筋トレ前のストレッチは危険?
ジムに行って、さて筋トレをはじめるか、となったとき、まずなにをします?
「それは、まずストレッチさ!」という人、けっこう多いと思う。
僕も筋トレをはじめた当初はそうだった。
でも、じつはこれ、間違っている。
とくに筋トレ初心者は間違いやすい点なので注意したい。
正確に言うと、筋トレをする前に、静的なストレッチ(スタティック・ストレッチ)をすることは間違っている。
静的ストレッチって?
静的ストレッチとは、ストレッチと言われてパッとみんながイメージするような、ゆっくりと筋肉を伸ばして数十秒のあいだ静止するストレッチだ。
こういうやつ。
こういった静的なストレッチは、一見、筋トレの前や、運動の前にすると、筋肉が柔らかくなって、ウォーミングアップとして効果的のように思われているが、じつはこれが効果がないどころか、むしろ逆にマイナスの影響を及ぼす。
なにがいけないのか?
いちばんは、静的ストレッチによる神経系への影響だ。筋肉を伸ばした後に筋トレをおこなうと、神経が誤作動を起こしやすくなる。そうすると、パワー伝達に障害をきたしたり、場合によっては、筋断裂を起こすというリスクがある。

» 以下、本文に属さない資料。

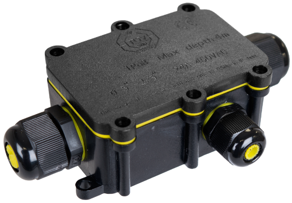 Avec borne de connexion incluse. 4 pôles. Jusqu'à 2,5 mm². 24A-250V~. 3 presse-étoupes M20 avec joint en caoutchouc pour câble Ø 4 à 8 mm, 3 joints pour câble Ø 9 à 12 mm, et 1 bouchon. IP68 (Profondeur maximale 4 mètres). Fixation externe. .

ケガ予防どころか、重大なケガにつながる恐れさえある。バルクアップを目指すには、限界への追い込みが大事なので、なおさらだ。
さらに、パフォーマンスも一定時間低下する。静的ストレッチをしたことにより、筋力の低下など、パフォーマンスが下がるため、限界まで追い込むトレーニングができなくなる。これでは、せっかくの筋トレも台無しだ。
じゃあ、静的なストレッチはいつすればいいのか?
それは、筋トレ後だ。
激しいワークアウトで追い込んだ筋肉を、ゆっくりと伸ばすことで、リラックスし、疲労回復につながる。蓄積した疲労物質の排出を促してくれる。
もし、筋トレ前にストレッチをするとしたら、それは動的ストレッチ(ダイナミック・ストレッチ)だ。
これは、体全体を大きくリズミカルに動かしながらおこなうスタイルのストレッチだ。
こういうやつ。
日本代表のサッカー選手の練習風景とかでよく見るようなやつだ。グラウンドを広く使って、みんなでまとまって同じ動きをしながらやっているような。
これは、筋肉を温めてくれる効果があるため、ウォームアップとしては正しい。スピードやパワー・瞬発力などのパフォーマンスアップ効果もある。もちろんケガの予防にも。
静的ストレッチのように、伸ばすだけではないところがポイントだ。
筋肉を温め、心拍数を上げることが、筋トレや運動前には大事だからだ。ラジオ体操も、この動的ストレッチの一種だったりする。
ただ、ジムの場合だと、こうした動的ストレッチをするようなスペースがなかったりするので、、トレッドミルを使って、軽いランニングやウォーキングを5分ぐらいするのでも代用可能だ。
でもやりすぎには注意しよう。5分ぐらいで十分だ。あくまで準備運動なのだから。
筋トレ前のウォームアップ → 動的ストレッチ(ダイナミック・ストレッチ)
筋トレ後のクールダウン → 静的ストレッチ(スタティック・ストレッチ)
筋トレ初心者は、このストレッチのタイミングを覚えておこう。
あまり知識のないスポーツジムのスタッフやトレーナーなんかは、あたかもそれが正しいかのように、筋トレ前の静的ストレッチを勧めていたりするが、そんなものは一切ガン無視しよう。